Output the first line below and each one after it, exactly, up to and including the line holding "प्रधानमन्त्री देउवाले शुक्रवार". Pictures should not be copied.

**** RECORDS TO USE

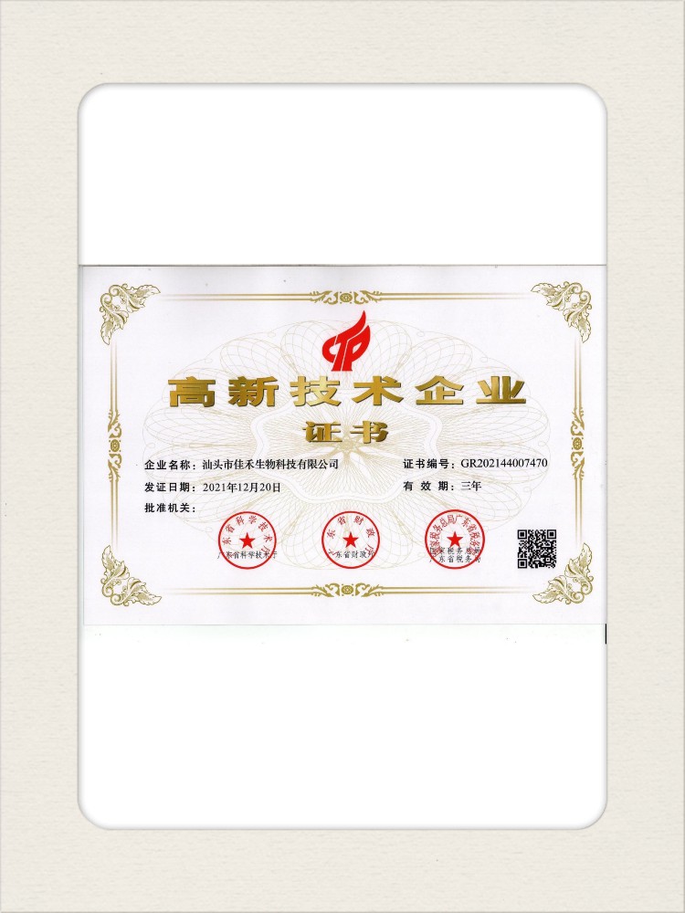 汕頭佳禾生物科技有限公司是一家致力于氨基酸及其衍生物研發(fā)、生產(chǎn)和銷售的國家高新技術(shù)企業(yè),先后通過了國家藥品GMP認(rèn)證,ISO9001質(zhì)量體系認(rèn)證、ISO14001環(huán)境管理體系認(rèn)證。目前,公司擁有“廣東省專精特新中小企業(yè)”、“廣東省氨基酸產(chǎn)品工程技術(shù)研究中心”、“汕頭市生物發(fā)酵工程技術(shù)研究開發(fā)中心”、“汕頭市知識產(chǎn)權(quán)優(yōu)勢企業(yè)”、“多項國家發(fā)明專利”、“廣東省守合同重信用企業(yè)”等多項資質(zhì)和榮譽(yù),旗下“佳禾牌”系列產(chǎn)品已成為原料藥行業(yè)知名品牌。 新泰市佳禾生物科技有限公司成立于2012年8月,注冊資金2億元,公司位于山東泰安新泰市新汶工業(yè)園區(qū),是國 家級高新技術(shù)企業(yè)、山東省“專精特新”企業(yè)、山東省制造業(yè)單項冠軍企業(yè)、泰安市科技型中小企業(yè)、泰安市農(nóng)業(yè)產(chǎn)業(yè)化龍頭企業(yè)、中國生物發(fā)酵產(chǎn)業(yè)協(xié)會理事單位。
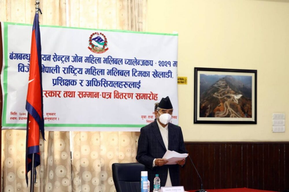 प्रधानमन्त्री देउवाले शुक्रवार बालुवाटारमा सेन्ट्रल जोन विजेता महिला भलिबल टोलीलाई नगदसहित पुरस्कृत गर्नुभएको हो ।
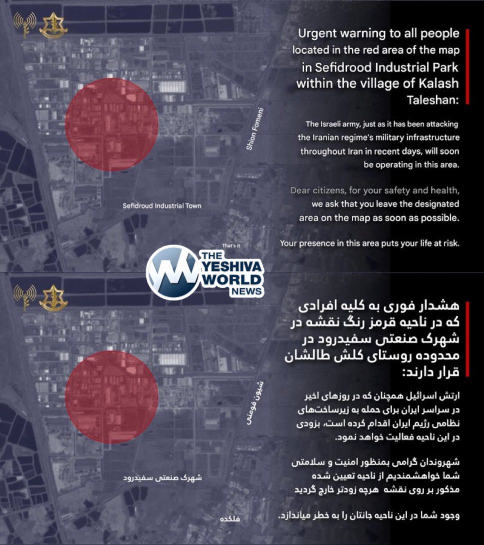 The IDF has just released a statement in Arabic and Farsi, ordering the immediate evacuation of all employees and residents living around the Sefidrood Industrial Park in the village of Kolesh Taleshan, near the Northwestern Iranian city of Rasht.
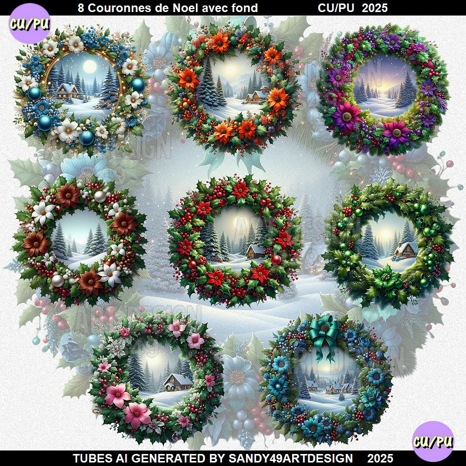 8 Couronnes de Noël avec Fond 1024 x 1024
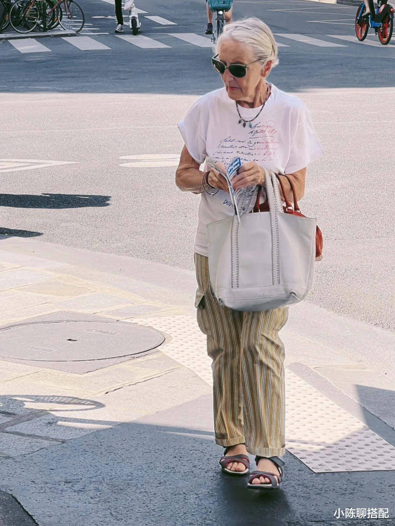巴黎老奶奶心里并不害怕衰老,因为她们不觉得需要穿衣服来减龄什么的,把最新最舒服的衣服穿在身上。
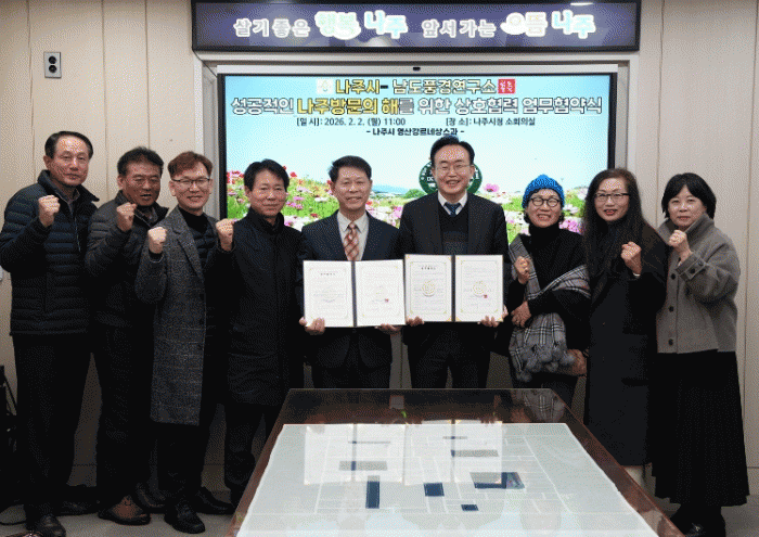 ³ªÁÖ½Ã¿Í ³²µµÇ³°æ¿¬±¸¼Ò°¡ 2ÀÏ °ü±¤ÀÚ¿ø ±â·Ï ¹× È®»ê°ú ³ªÁֹ湮ÀÇ ÇØ ¼º°ø ÃßÁøÀ» À§ÇÑ ¾÷¹«Çù¾àÀ» ü°áÇß´Ù.

********

• _SOLUTION FOR THIS EXERCISE_
 汕頭佳禾生物科技有限公司是一家致力于氨基酸及其衍生物研發(fā)、生產(chǎn)和銷售的國家高新技術(shù)企業(yè),先后通過了國家藥品GMP認(rèn)證,ISO9001質(zhì)量體系認(rèn)證、ISO14001環(huán)境管理體系認(rèn)證。目前,公司擁有“廣東省專精特新中小企業(yè)”、“廣東省氨基酸產(chǎn)品工程技術(shù)研究中心”、“汕頭市生物發(fā)酵工程技術(shù)研究開發(fā)中心”、“汕頭市知識產(chǎn)權(quán)優(yōu)勢企業(yè)”、“多項國家發(fā)明專利”、“廣東省守合同重信用企業(yè)”等多項資質(zhì)和榮譽(yù),旗下“佳禾牌”系列產(chǎn)品已成為原料藥行業(yè)知名品牌。 新泰市佳禾生物科技有限公司成立于2012年8月,注冊資金2億元,公司位于山東泰安新泰市新汶工業(yè)園區(qū),是國 家級高新技術(shù)企業(yè)、山東省“專精特新”企業(yè)、山東省制造業(yè)單項冠軍企業(yè)、泰安市科技型中小企業(yè)、泰安市農(nóng)業(yè)產(chǎn)業(yè)化龍頭企業(yè)、中國生物發(fā)酵產(chǎn)業(yè)協(xié)會理事單位。
 प्रधानमन्त्री देउवाले शुक्रवार बालुवाटारमा सेन्ट्रल जोन विजेता महिला भलिबल टोलीलाई नगदसहित पुरस्कृत गर्नुभएको हो ।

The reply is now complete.